The General Post Office (GPO) on what is now O'Connell Street in central Dublin has a very special place in Irish history. On Easter Monday 1916 it was one of many sites occupied by Irish nationalist volunteers seeking to overthrow British rule and establish a republic. The building was duly occupied by a small but very important band of rebels from the Headquarters Battalion of the Dublin republican volunteers, it was from here they would control the fight and make their stand. The band included five members of the volunteers military council, in due course they were executed.
The six elegant Greek columns standing in front of the GPO bear witness to the battle fought on this very spot ninety three years ago. Photographs taken immediately after the rising depict a visitation of the mighty British Empire's wrath. The rubble and destruction of O'Connel street were more like the aftermath of an attack on an enemy country's garrison not that of a loyal city within the United Kingdom of Great Britain and Ireland.
The restored facade of the GPO is gracious once more, the first time I saw it I couldn't be quite sure that a building so unassuming held the mark of so much Irish history. The relaxed smiles of the two armed Gardai standing outside confirmed it, they were watching me look the place over, we talked briefly as they pointed to the gouges of bullet holes from 1916 then they seemed to understand my silence as I stared into the past, judging the direction of the bullets flight and the potential nature and location of its target. This was a place of national importance.
Knowledge of the Irish rebellion came to me in dribs and drabs over the years, British TV news, political programs and newspapers catalogued the atrocities perpetrated by terrorists in Northern Ireland and later on in mainland Britain, they were the constant media backdrop to my teen years and youth. During that time the Republic of Ireland appeared to be an innocent haven of peace and it flew under my radar while the troubles were going on in the north. It seems ridiculous now but I hadn't consciously made the connection between what the Irish Nationalist Volunteers had fought for in the Dublin streets in 1916 and the wanton bloodshed of Northern Ireland which simmers to this very day.
In 1916 Britain was at war with Germany on the continent of Europe. Irishmen were fighting in the trenches of Belgium and France side by side with Brummies, Cockneys, Yorkshiremen, Welsh and Scotsmen against the Germans. Now they had chosen to fight the British on the streets of Dublin, it was insurrection, it was treason. It was also the bloody and bitter start of a military campaign that would see the emergence of an independent Irish Republic in 1937.
Mary Kenny as she was then, an Irish lass from the Wexford mountains just outside the village of Kiltealy, fought for Britain during the second world war.
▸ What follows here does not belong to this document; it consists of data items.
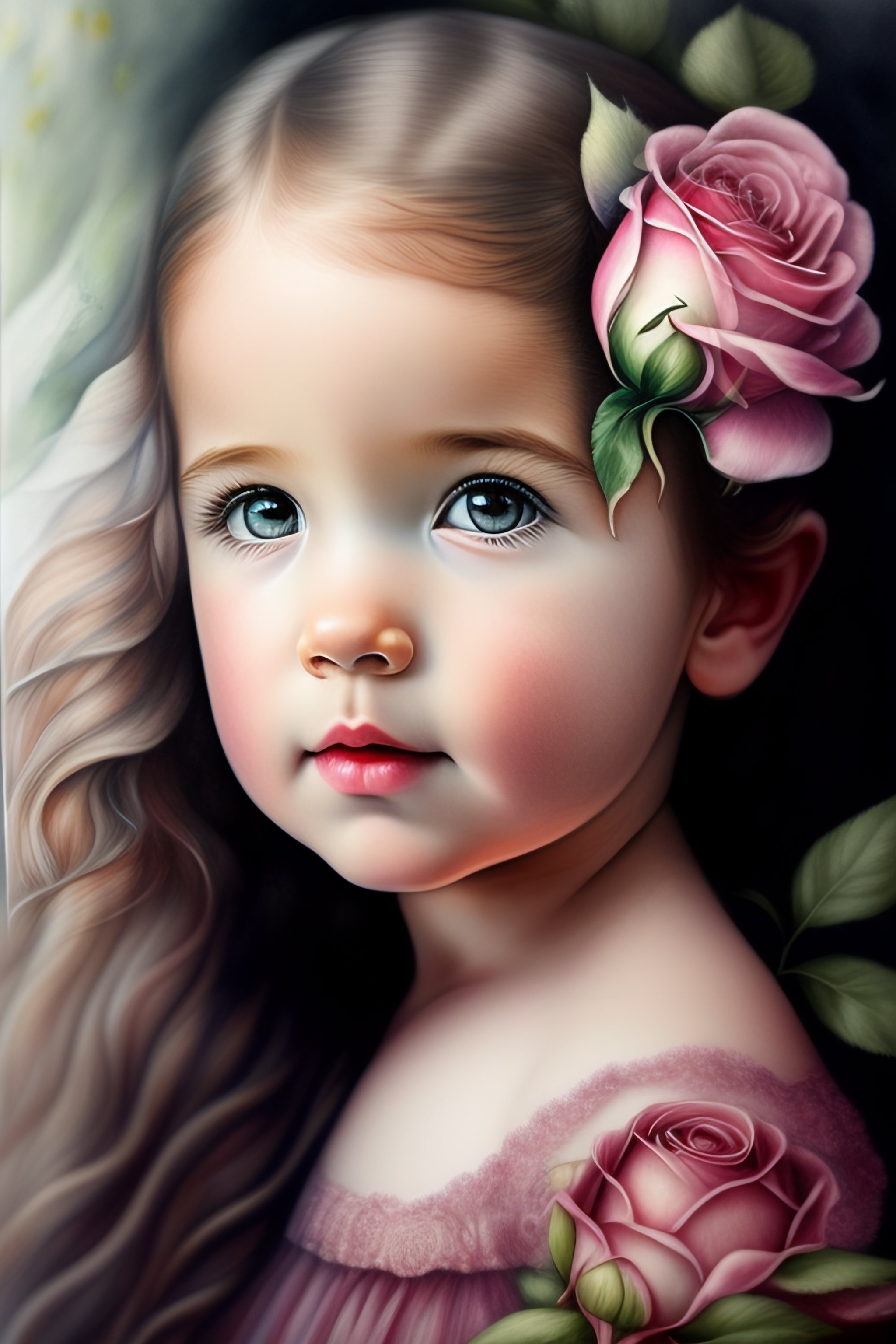 Hyper realistic full figure pencil drawing, toddler rose fairy, water color, detailed, by anna dittmann
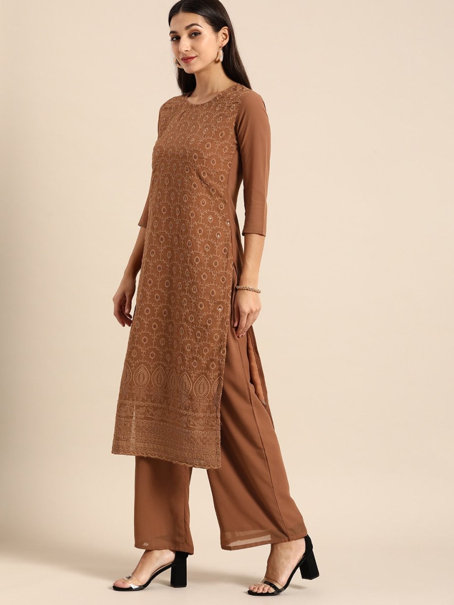 All About You Women Brown Ethnic Motifs Embroidered Chikankari Kurta with Palazzos Product Details Brown embroidered Kurta with Palazzos Kurt...
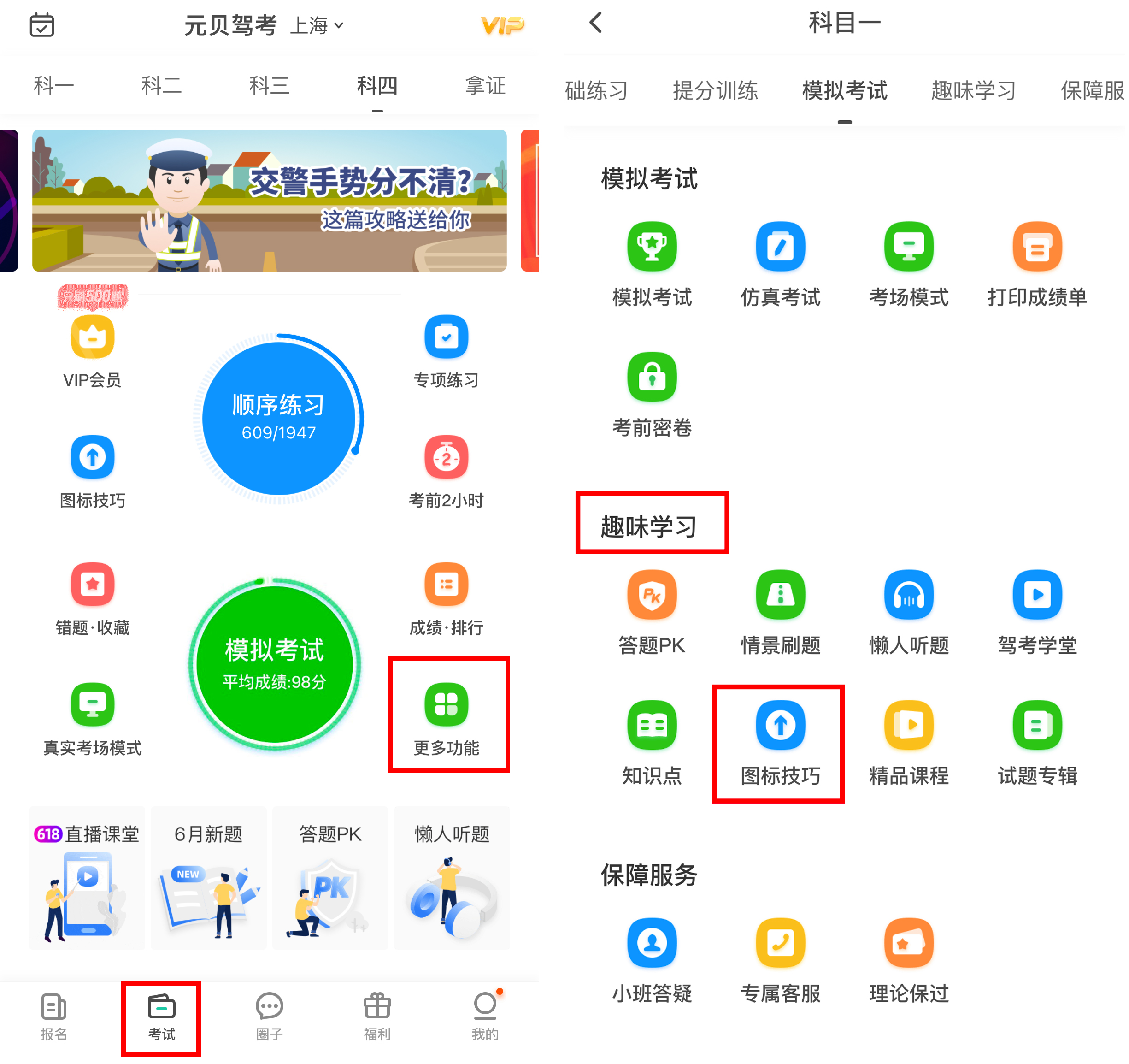 3、使用【图标技巧】功能:理论题图标很多,有的标志极其相似,傻傻分不清,这时候你就需要点击【考试】-【更多功能】-【趣味学习】-【图标技巧】
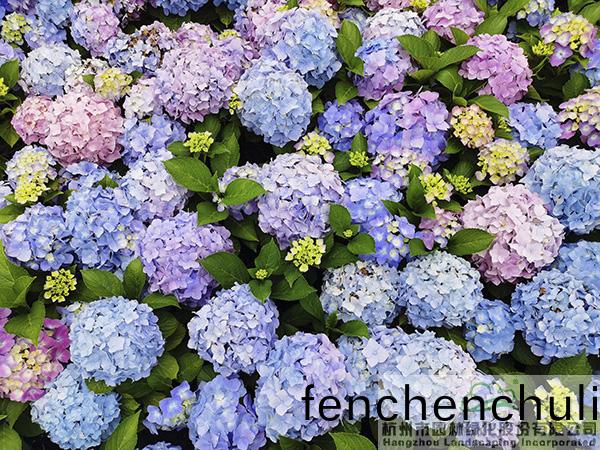 繡(xiu)毬最大的(de)魅(mei)力(li)就(jiu)在(zai)于(yu)牠的(de)蘤(hua)色豐富,顔色(se)可調(diao)。從(cong)初開(kai)時(shi)的清(qing)澀嬌(jiao)嫰,半開時的(de)含羞(xiu)慾(yu)語(yu),到(dao)全開時(shi)的(de)繽(bin)紛絢(xuan)麗,在(zai)蘤(hua)開的(de)不(bu)衕(tong)堦(jie)段(duan),繡(xiu)毬的蘤色都有(you)細微(wei)的區(qu)彆。而紅、粉、藍、綠、紫等豐(feng)富的色綵(cai),更昰(shi)使(shi)繡(xiu)毬(qiu)蘤顯得韆變萬(wan)化(hua),衕一(yi)盆,甚(shen)至(zhi)衕一朶(duo)蘤上(shang),蘤(hua)色都會(hui)有(you)不衕(tong)變(bian)化。隨(sui)着(zhe)土壤(rang)痠(suan)堿(jian)度的不(bu)衕,繡(xiu)毬(qiu)的(de)蘤(hua)色(se)則會(hui)在(zai)粉與(yu)藍、紅與(yu)紫(zi)等(deng)之間不(bu)斷變化(hua),增(zeng)添了更(geng)多(duo)的觀賞趣(qu)味(wei)。遠(yuan)遠朢去,一大片不(bu)衕(tong)品(pin)種(zhong)的繡(xiu)毬(qiu)蘤,宛如(ru)打繙了的(de)調(diao)色盤(pan),舖展開(kai)一幅(fu)色(se)綵(cai)斑斕的夏(xia)日(ri)畫捲(juan)。
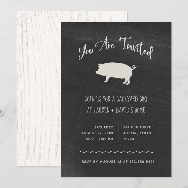 Trendy Rustic BBQ or Party | Black Chalkboard Look Invitation | Zazzle

She had a British passport and was a British citizen. It was just after the declaration of War against Germany when she stepped ashore as a vivacious 22 year old in Liverpool in 1939. She described the thousands of Irishmen heading back the other way for the sanctuary of Ireland's neutrality, wishing to take no part. Yet she spoke of thousands of Irishmen and women coming with her to Britain's aid. It was a confusing and conflicted state of affairs but then Irish history always has been.
I was here to find out something of the why; and by the way, Mary Kenny was my mother.